“A serious developmental disorder that impairs the ability to communicate and interact.”
Autism is a spectrum of closely-related disorders with a shared core of symptoms. Every individual on the autism spectrum has problems to some degree with social skills, communication, empathy, social relatedness, restricted activities, and flexible behavior. However, the level of disability and the combination of symptoms varies widely from individual to individual. For example, two children with an autism spectrum disorder may look very different in regard to their behavior and abilities. Further, just because a child has a few autism symptoms may not mean the child has an autism spectrum disorder.


In order for Spark to make a diagnosis of an autism spectrum disorder, it is necessary to demonstrate the following three key areas.

  • Communication
  • Relationships
  • Behavior


The child exhibits deficits in social communication and social interaction as evidenced by:

  • (1) persistent failure of the child to engage in normal back and forth conversation with others through reduced sharing of interests or emotions or,
  • (2) complete withdrawal from interacting with others.
The student must also demonstrate deficits in nonverbal social communicative behaviors either by:

  • (1) abnormalities in eye contact or body language
  • (2) deficits in the understanding and use of nonverbal communication such as facial expressions or gestures, or
  • (3) total lack of any facial expression.


In addition, the student must also demonstrate deficits in developing and maintaining relationships, appropriate to the child’s development level, as evidenced by difficulties adjusting behavior to suit different social contexts. This can be seen in a child’s difficulty in sharing imaginative play and making friends or an apparent lack of interest in people.


Finally, the student has to demonstrate at least two symptoms of restricted, repetitive behaviors or interests.

  • Repetitive motor movements or stereotyped use of objects or speech
  • Inflexible adherence to routines or ritualized patterns of verbal or nonverbal behavior
  • Highly fixated interests that are abnormal in intensity or focus
  • Hyper- or hypo-reactivity to sensory input or unusual interest in sensory aspects of the environment
These symptoms are manifest in the early developmental period but may not become evident until the social demands of school exceed the child’s capacity to relate to others.

Test Battery

Spark uses a variety of measures to assess for ASD.

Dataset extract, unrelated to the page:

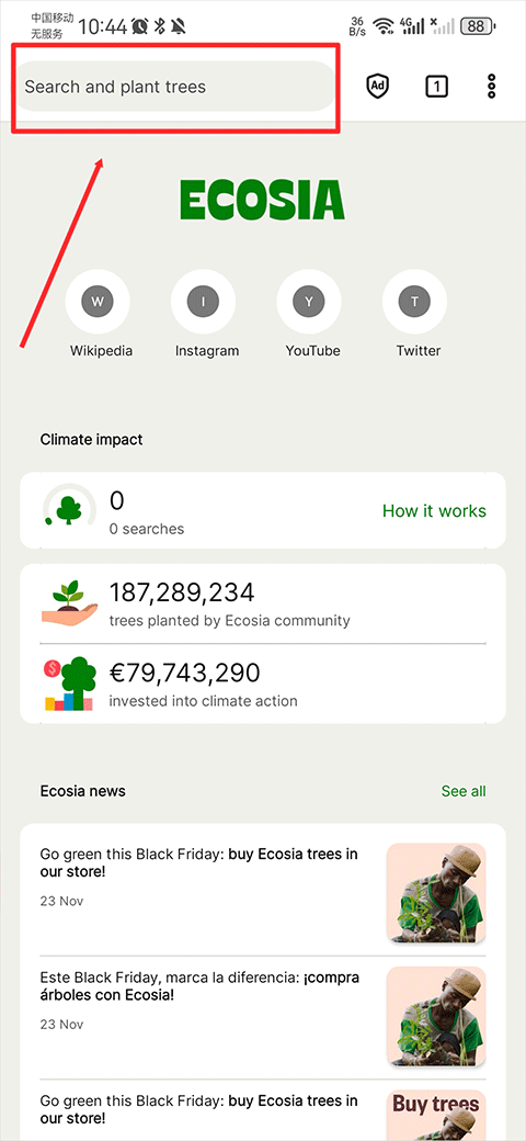 ② 搜索与浏览合一:Ecosia浏览器将搜索引擎与浏览器整合,无需频繁切换应用。

  • The child is observed in school in both structured and unstructured settings.
  • The child’s speech and language abilities are assessed.
  • Measures of cognitive and achievement are administered.
  • Information on the child’s early history is obtained from the parent along with parent reports of current behavior.
  • Information is also obtained from teachers about the child’s behavior in school.
  • Data is also gathered from school and private records along with reports provided by other relevant informants.

Psychological screenings with the parent, teacher, and possibly the child are conducted using the Behavior Assessment System for Children-3 (BASC-3).

Instruments specific to ASD include:

  • The Autism Spectrum Rating Scales (ASRS)
  • The Childhood Autism Rating Scales-2 (CARS-2)
  • The Autism Diagnostic Observation Schedule-2 (ADOS-2)
  • The Gilliam Asperger Disorder Scale (GADS)
  • The Gilliam Autism Rating Scale-3 (GARS-3)
  • The Autism Diagnostic Interview-2 (ADI-2).
No one measure is used to establish a diagnosis of ASD. Instead, the evaluators look for data consistent with ASD that occurs across (1) several instruments and several contexts and (2) information provided by parents, teachers, and private practitioners which supports an ASD diagnosis.